IEEE/ACM Transactions on Computational Biology and Bioinformatics | 2012
Seyedsasan Hashemikhabir; Eyup Serdar Ayaz; Yusuf Kavurucu; Tolga Can; Tamer Kahveci
Reconstructing the topology of a signaling network by means of RNA interference (RNAi) technology is an underdetermined problem especially when a single gene in the network is knocked down or observed.

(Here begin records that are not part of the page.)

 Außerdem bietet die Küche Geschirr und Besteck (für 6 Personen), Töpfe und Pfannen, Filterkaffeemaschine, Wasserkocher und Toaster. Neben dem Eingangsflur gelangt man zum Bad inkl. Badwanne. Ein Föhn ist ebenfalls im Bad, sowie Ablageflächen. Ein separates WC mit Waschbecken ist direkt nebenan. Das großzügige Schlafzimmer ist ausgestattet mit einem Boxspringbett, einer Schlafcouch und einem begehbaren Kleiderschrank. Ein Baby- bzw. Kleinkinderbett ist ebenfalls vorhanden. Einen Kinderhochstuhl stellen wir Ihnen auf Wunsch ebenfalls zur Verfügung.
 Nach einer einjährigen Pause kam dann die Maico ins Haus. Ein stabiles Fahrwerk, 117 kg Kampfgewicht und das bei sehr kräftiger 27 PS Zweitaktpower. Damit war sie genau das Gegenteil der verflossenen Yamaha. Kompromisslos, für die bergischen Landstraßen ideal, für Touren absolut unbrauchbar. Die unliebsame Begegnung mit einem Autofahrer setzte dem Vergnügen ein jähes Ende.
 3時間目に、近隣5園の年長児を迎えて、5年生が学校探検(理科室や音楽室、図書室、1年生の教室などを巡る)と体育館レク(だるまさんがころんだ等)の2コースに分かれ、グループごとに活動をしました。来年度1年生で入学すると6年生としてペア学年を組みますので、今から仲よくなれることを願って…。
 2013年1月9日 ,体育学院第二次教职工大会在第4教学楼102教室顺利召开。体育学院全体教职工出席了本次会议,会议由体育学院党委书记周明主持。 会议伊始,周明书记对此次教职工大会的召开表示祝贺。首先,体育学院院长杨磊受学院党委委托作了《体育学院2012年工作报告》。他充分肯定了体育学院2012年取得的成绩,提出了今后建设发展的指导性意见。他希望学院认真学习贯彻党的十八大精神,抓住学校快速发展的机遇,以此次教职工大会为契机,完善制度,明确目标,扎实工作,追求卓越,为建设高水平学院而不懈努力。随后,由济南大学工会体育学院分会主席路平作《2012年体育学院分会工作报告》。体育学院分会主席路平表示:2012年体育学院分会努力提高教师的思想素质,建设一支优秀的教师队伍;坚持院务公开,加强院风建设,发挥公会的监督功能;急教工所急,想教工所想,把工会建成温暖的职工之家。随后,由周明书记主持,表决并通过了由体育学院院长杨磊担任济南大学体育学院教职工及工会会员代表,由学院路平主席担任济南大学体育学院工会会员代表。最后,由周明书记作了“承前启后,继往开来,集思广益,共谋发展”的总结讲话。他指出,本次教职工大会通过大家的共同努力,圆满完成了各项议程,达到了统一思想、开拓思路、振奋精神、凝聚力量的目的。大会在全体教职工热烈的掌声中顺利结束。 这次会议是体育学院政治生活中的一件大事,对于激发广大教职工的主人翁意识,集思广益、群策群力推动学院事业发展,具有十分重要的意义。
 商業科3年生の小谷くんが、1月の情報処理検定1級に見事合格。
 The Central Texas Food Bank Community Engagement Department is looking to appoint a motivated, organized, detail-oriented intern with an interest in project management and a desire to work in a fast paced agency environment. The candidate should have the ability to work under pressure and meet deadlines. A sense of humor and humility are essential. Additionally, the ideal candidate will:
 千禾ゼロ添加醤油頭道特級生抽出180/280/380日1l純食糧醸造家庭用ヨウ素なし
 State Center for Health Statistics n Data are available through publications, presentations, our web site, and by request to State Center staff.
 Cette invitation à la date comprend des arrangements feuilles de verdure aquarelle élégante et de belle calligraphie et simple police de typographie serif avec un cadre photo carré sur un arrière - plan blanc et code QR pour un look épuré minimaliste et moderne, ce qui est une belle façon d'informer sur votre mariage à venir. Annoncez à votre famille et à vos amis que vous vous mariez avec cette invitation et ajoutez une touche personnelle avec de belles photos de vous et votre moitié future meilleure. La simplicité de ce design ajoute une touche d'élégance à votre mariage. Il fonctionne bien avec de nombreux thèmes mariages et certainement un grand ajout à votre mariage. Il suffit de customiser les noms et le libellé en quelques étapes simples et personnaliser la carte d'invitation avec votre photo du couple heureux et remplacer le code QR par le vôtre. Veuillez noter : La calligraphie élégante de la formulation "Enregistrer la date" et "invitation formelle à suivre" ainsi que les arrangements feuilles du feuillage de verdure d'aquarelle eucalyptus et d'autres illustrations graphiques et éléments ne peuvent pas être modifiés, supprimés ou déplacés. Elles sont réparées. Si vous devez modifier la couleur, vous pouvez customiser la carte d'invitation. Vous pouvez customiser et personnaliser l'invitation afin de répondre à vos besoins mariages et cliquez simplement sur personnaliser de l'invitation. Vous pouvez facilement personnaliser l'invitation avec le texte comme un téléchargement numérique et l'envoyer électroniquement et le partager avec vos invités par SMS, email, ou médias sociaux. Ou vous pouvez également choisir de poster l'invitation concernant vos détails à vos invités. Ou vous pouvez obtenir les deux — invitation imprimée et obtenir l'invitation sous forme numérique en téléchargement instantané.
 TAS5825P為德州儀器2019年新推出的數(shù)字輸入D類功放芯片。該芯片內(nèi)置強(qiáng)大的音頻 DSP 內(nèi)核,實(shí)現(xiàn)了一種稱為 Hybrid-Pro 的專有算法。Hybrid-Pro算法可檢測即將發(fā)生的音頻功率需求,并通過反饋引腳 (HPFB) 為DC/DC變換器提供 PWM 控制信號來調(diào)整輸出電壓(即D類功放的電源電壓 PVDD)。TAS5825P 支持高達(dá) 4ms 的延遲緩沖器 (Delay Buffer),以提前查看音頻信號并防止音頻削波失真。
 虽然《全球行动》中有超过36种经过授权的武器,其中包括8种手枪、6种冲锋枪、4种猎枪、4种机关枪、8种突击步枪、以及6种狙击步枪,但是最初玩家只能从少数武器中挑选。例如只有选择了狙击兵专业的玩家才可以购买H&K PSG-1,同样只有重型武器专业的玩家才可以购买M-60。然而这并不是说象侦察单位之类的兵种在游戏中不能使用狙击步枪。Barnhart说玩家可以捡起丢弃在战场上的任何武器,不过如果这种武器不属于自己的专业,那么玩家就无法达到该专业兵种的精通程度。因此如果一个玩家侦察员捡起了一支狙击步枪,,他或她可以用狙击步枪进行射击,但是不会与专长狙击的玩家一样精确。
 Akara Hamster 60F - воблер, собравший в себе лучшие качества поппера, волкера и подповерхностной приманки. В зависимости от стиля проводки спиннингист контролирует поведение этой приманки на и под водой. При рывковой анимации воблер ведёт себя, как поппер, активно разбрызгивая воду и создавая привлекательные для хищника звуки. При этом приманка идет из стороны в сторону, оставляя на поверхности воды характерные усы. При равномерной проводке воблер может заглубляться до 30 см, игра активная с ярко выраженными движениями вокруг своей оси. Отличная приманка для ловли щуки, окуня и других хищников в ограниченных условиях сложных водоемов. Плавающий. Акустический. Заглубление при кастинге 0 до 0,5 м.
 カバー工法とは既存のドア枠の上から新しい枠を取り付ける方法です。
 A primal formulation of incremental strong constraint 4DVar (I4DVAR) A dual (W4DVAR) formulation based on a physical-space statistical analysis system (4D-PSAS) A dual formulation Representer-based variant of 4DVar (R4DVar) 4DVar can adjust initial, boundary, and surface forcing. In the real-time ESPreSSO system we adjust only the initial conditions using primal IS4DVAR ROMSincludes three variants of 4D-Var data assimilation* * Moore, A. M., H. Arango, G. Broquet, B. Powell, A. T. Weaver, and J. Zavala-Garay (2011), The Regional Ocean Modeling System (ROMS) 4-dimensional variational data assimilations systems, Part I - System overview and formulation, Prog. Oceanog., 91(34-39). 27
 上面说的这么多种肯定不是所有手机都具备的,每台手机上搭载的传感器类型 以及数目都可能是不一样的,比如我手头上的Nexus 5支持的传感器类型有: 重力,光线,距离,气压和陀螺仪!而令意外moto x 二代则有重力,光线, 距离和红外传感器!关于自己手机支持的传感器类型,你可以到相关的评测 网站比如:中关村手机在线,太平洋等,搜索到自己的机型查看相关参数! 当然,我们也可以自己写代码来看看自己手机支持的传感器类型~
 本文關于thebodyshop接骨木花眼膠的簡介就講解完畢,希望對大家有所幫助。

In addition, the exponential search space limits the existing methods to small signaling networks of size 10-15 genes. In this paper, we propose integrating RNAi data with a reference physical interaction network. We formulate the problem of signaling network reconstruction as finding the minimum number of edit operations on a given reference network. The edit operations transform the reference network to a network that satisfies the RNAi observations. We show that using a reference network does not simplify the computational complexity of the problem. Therefore, we propose two methods which provide near optimal results and can scale well for reconstructing networks up to hundreds of components. We validate the proposed methods on synthetic and real data sets. Comparison with the state of the art on real signaling networks shows that the proposed methodology can scale better and generates biologically significant results.